Keyword-Driven Test Automation: An Interview with Hans Buwalda

[interview]
Summary:

Hans Buwalda's experience covers being a developer, manager, and principal consultant for companies and organizations worldwide. In this interview, Hans talks about using keywords effectively, tests that have too many details, and the changing testing industry.



Hans Buwalda's experience covers being a developer, manager, and principal consultant for companies and organizations worldwide. In this interview, Hans talks about using keywords effectively, tests that have too many details, and the changing testing industry.

Jonathan Vanian: I’m here today with Hans Buwalda of LogiGear. Hans, thank you for joining me today.

Hans Buwalda: Yes, I am glad to join. Thanks for making time for me.

JV: Definitely. Let’s begin by just having you describe your technical background and expertise to our readers and listeners.

HB: I am originally from the Netherlands. I have been in California since 2001. I joined a company called LogiGear, near to San Mateo. Basically, what we do and what I do is everything that happens to do with testing where my focus is very much automated testing and then particularly for large and complex projects.

JV: Interesting.

HB: I accidentally came into testing. It really wasn’t my career plan, like many of us, but because of a project that I was assigned to, a customer that had problems with testing and especially with automated testing. As a solution for that customer, I came up with what you would now call keywords. Then, the year after that I presented that in EuroSTAR Conference in – which was then held in Amsterdam, which is kind of the European spin-off of STARCANADA, STAREAST, STARWEST.

Among the people in the audience were Dorothy Graham as well as the founder of STAR. Before I knew it, I was in the US and I have been here ever since.

JV: I have been talking to a lot of people who just sort of fell into testing and this turned out to be their new career path.

HB: I was not aware that testing would actually be a very interesting topic to look. There was proofing, there is programming, and developing, but actually testing can be, at least, as cool, and, particularly, automated testing. It can also be particularly complex and difficult to do especially in a large scale. If you try to automate, let us say, ten test cases you are probably going to be fine and do it.

But the moment you are getting 2000, if not tens of thousands of tests, it becomes a lot more will to get it to work, to manage it, and to understand where is what, and to maintain it. Any change in the system and the test can have a big impact on your tests which is – it makes it kind of unmanageable to do so. It is a very interesting field to be in.

JV: Yeah, definitely. Do you spend a long time working on keyword-driven test automation? Can you explain this technique?

HB: Simply said, what you are doing is you are describing the test outside of the scripting language. All the modern tools have very good scripting and programming languages. You deliberately do not put your tests in the programming language. Take them out of the programming and put them in a separate document, like in a spreadsheet kind of format as a sequence of what I like to call actions.

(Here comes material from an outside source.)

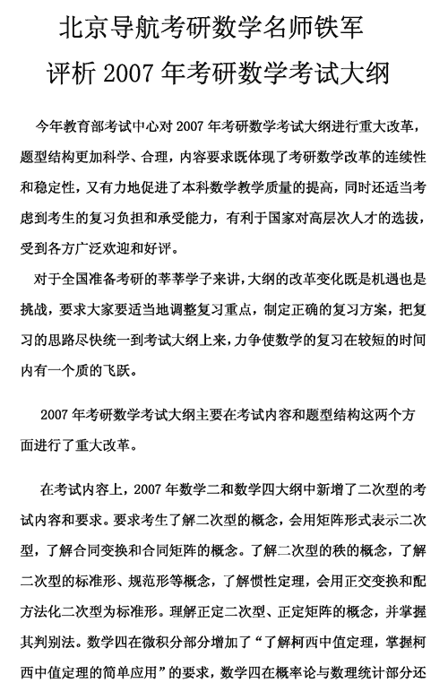 半岛在线注册数学名师铁军评析2007年数学大纲1

Each line in the spreadsheet really starts with a keyword that is sometimes called an action word, and then a couple of arguments, zero or more arguments, and then the action, like create an order. That way you can create some verbiage of the test. Then, later on, you are going to automate those actions, those keywords. Each keyword gets an action script, or if you look at our own product TestArchitect—about 350 of them are already built into the product.

Then, the effect of that is if you change in the system and the test, you only have to take that single keyword while you might be using that keyword for dozens of times all over your test.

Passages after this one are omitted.